【论文阅读】A Gentle Introduction to Graph Neural Networks [图神经网络入门](5)
【論文閱讀】A Gentle Introduction to Graph Neural Networks [圖神經網絡入門](5)
Graph Neural Networks
圖神經網絡
Now that the graph’s description is in a matrix format that is permutation invariant, we will describe using graph neural networks (GNNs) to solve graph prediction tasks. A GNN is an optimizable transformation on all attributes of the graph (nodes, edges, global-context) that preserves graph symmetries (permutation invariances). We’re going to build GNNs using the “message passing neural network” framework proposed by Gilmer et al. [18] using the Graph Nets architecture schematics introduced by Battaglia et al. [19] GNNs adopt a “graph-in, graph-out” architecture meaning that these model types accept a graph as input, with information loaded into its nodes, edges and global-context, and progressively transform these embeddings, without changing the connectivity of the input graph.
既然圖的描述是排列不變的矩陣格式,我們將使用圖神經網絡(GNN)來描述以解決圖預測任務。GNN是對圖的所有屬性(節點、邊、全局上下文)的一種可優化的轉換,它保持了圖的對稱性(排列不變性)。我們將使用Gilmer等人提出的“信息傳遞神經網絡”[18]框架來構建GNN。使用Battaglia等人介紹的圖網架構示意圖[19]。GNN采用一種“圖入,圖出”的體系結構,這意味著這些模型類型接受一個圖作為輸入,將信息加載到它的節點、邊和全局上下文中,并逐步轉換這些embedding,而不改變輸入圖的連通性。
The simplest GNN
最簡單的GNN
With the numerical representation of graphs that we’ve constructed above (with vectors instead of scalars), we are now ready to build a GNN. We will start with the simplest GNN architecture, one where we learn new embeddings for all graph attributes (nodes, edges, global), but where we do not yet use the connectivity of the graph.
使用我們上面構建的圖的數字表示(使用向量而不是標量),我們現在可以構建GNN了。我們將從最簡單的GNN架構開始,在這個架構中,我們學習所有圖屬性(節點、邊、全局)的新embeddings,但我們還沒有使用圖的連通性。
For simplicity, the previous diagrams used scalars to represent graph attributes; in practice feature vectors, or embeddings, are much more useful.
You could also call it a GNN block. Because it contains multiple operations/layers (like a ResNet block).
為簡單起見,前面的圖使用標量來表示圖的屬性;在實踐中,特征向量或embeddings更有用。
你也可以叫它GNN block。因為它包含多個操作/層(與ResNet block類似)。
This GNN uses a separate multilayer perceptron (MLP) (or your favorite differentiable model) on each component of a graph; we call this a GNN layer. For each node vector, we apply the MLP and get back a learned node-vector. We do the same for each edge, learning a per-edge embedding, and also for the global-context vector, learning a single embedding for the entire graph.

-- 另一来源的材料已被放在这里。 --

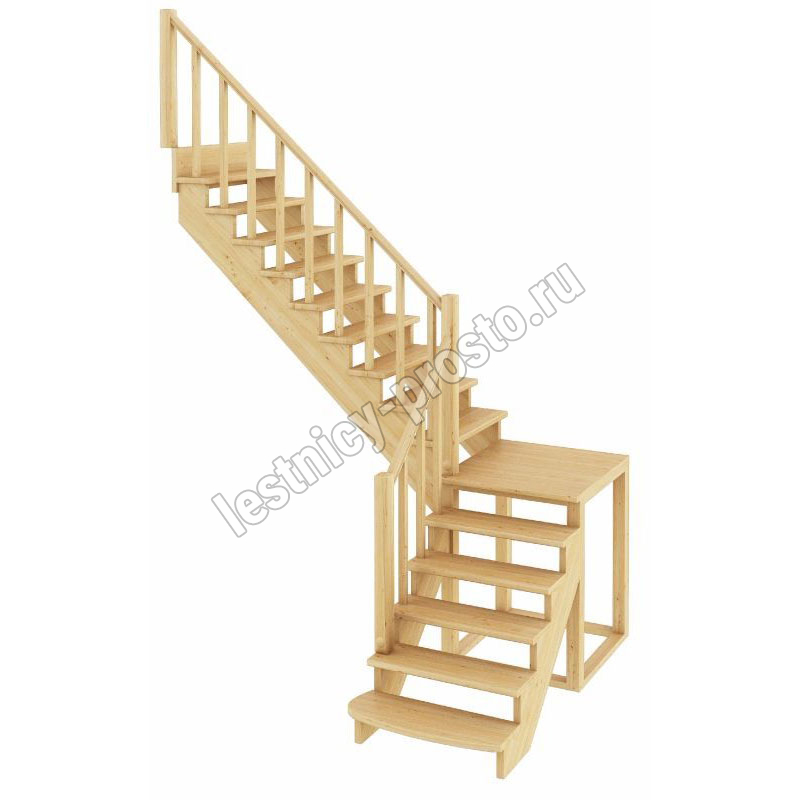 Базовый комплект включает в себя деревянные элементы лестницы и ограждения без какого-либо покрытия.

該GNN使用一個獨立的多層感知器(MLP)(或你喜歡的可微模型)在圖的每個組件; 我們稱之為GNN層。對于每個節點向量,我們應用MLP并得到一個學習后的節點向量。我們對每條邊做同樣的操作,學習每條邊的embedding,對全局上下文向量也做同樣的操作,學習整個圖的單個embedding。
A single layer of a simple GNN. A graph is the input, and each component (V,E,U) gets updated by a MLP to produce a new graph. Each function subscript indicates a separate function for a different graph attribute at the n-th layer of a GNN model.

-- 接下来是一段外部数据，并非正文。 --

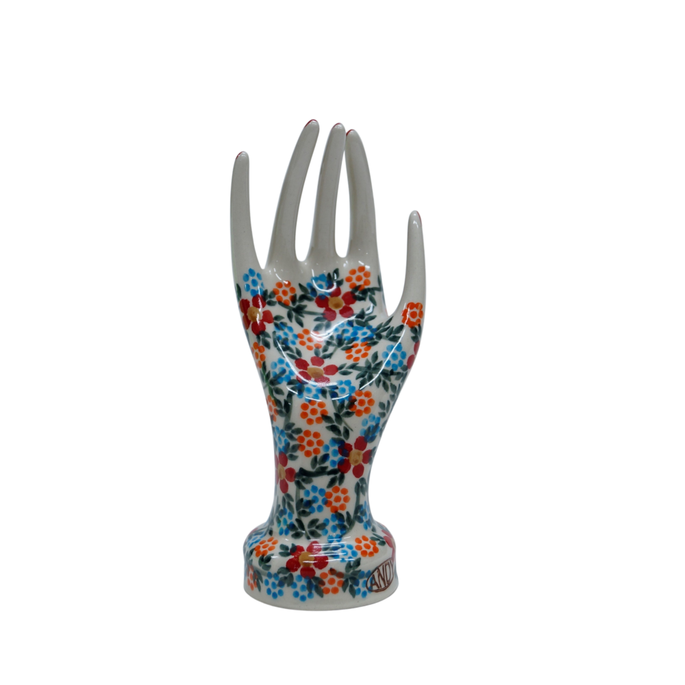 Ceramiczny stojak na biżuterię mały, w kształcie powabnej, damskiej dłoni ozdobionymi podszkliwnymi wzorami, prosto z Bolesławca – niczym przyodziany w wyjątkowo śliczną rękawiczkę, to oryginalny i nieoceniony wieszak dla kobiecych świecidełek. Rewelacyjnie wyglądający dodatek dekoracyjny a zarazem funkcjonalny kobiecej toaletki jak i łazienki, taki który pozwoli na zaprzestanie gubienia biżuterii w całym domu! Ahhh… skąd my to znamy! Dzięki szkliwieniu, jest bardzo łatwy w utrzymaniu czystości. Zawieszona na nim biżuteria taka jak, łańcuszki, kolczyki czy pierścionki będą zawsze pod ręką, ułożone w piękny sposób.

一個簡單的GNN單層。輸入是一個圖,MLP更新每個參數(V,E,U)以生成一個新的圖。每個函數下標表示GNN模型第n層的不同圖形屬性的單獨函數。
As is common with neural networks modules or layers, we can stack these GNN layers together.

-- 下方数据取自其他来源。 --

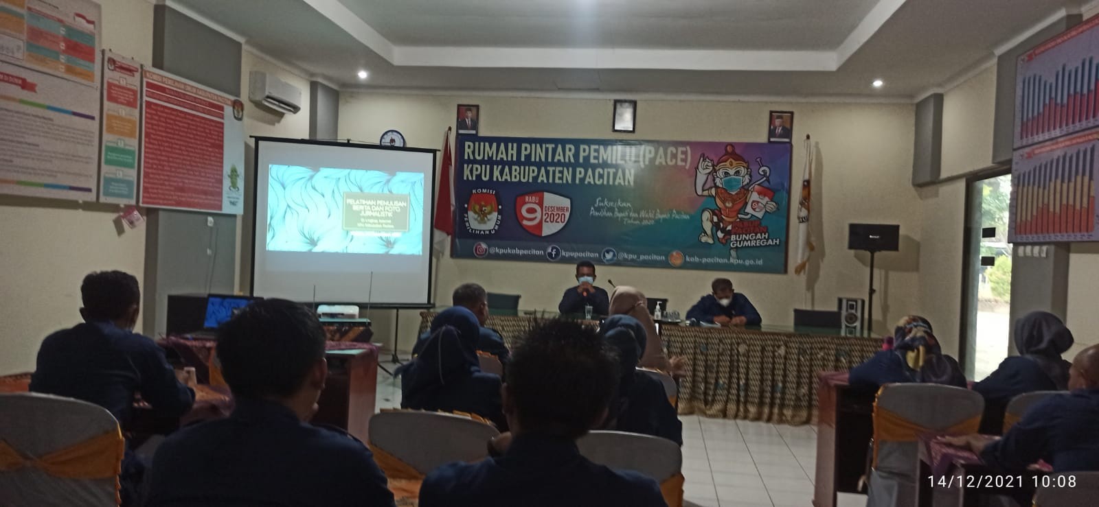 Komisi Pemilihan Umum (KPU) Kabupaten Pacitan mengadakan pelatihan menulis berita dan foto jurnalistik, Selasa (14/12/2020) di Rumah Pintar Pemilu (RPP) Pace. Pelatihan yang dimulai pukul 09.00 – 11.00 WIB diikuti seluruh pejabat dan staf sekretariat. “Menulis berita kegiatan di lingkup KPU sangat penting. Salah satunya sebagai wujud transparansi,” kata Sekretaris KPU Pacitan, Bambang Sutejo saat membuka acara pelatihan.

與神經網絡模塊或層一樣,我們可以將這些GNN層堆疊在一起。
Because a GNN does not update the connectivity of the input graph, we can describe the output graph of a GNN with the same adjacency list and the same number of feature vectors as the input graph. But, the output graph has updated embeddings, since the GNN has updated each of the node, edge and global-context representations.
由于GNN不更新輸入的圖的連通性,我們可以用與輸入的圖相同的鄰接表和相同數量的特征向量來描述GNN的輸出圖。但是,輸出圖更新了embeddings,因為GNN更新了每個節點、邊和全局上下文表示。
GNN Predictions by Pooling Information
通過池化信息來預測GNN
We have built a simple GNN, but how do we make predictions in any of the tasks we described above?
我們已經構建了一個簡單的GNN,但是我們如何在上面描述的任務中進行預測呢?
We will consider the case of binary classification, but this framework can easily be extended to the multi-class or regression case. If the task is to make binary predictions on nodes, and the graph already contains node information, the approach is straightforward?—?for each node embedding, apply a linear classifier.
我們先來考慮二分類問題,這個框架可以很容易地擴展到多分類或回歸的問題。如果任務是對節點進行二分類預測,而圖中已經包含了節點信息,那么這種方法很簡單——對于每個embedding的節點,應用一個線性分類器。
We could imagine a social network, where we wish to anonymize user data (nodes) by not using them, and only using relational data (edges). One instance of such a scenario is the node task we specified in the Node-level task subsection. In the Karate club example, this would be just using the number of meetings between people to determine the alliance to Mr. Hi or John H.
我們可以想象一個社交網絡,在這個網絡中,我們希望匿名化用戶數據(節點),不使用它們,只使用關系數據(邊)。這種場景的一個實例是我們在節點層面的任務小節中指定的節點任務。在空手道俱樂部的例子中,這將只是使用人們之間的會議數量來決定與Mr. Hi或John H的聯盟。
However, it is not always so simple. For instance, you might have information in the graph stored in edges, but no information in nodes, but still need to make predictions on nodes. We need a way to collect information from edges and give them to nodes for prediction. We can do this by pooling. Pooling proceeds in two steps:
1.For each item to be pooled, gather each of their embeddings and concatenate them into a matrix.
2.The gathered embeddings are then aggregated, usually via a sum operation.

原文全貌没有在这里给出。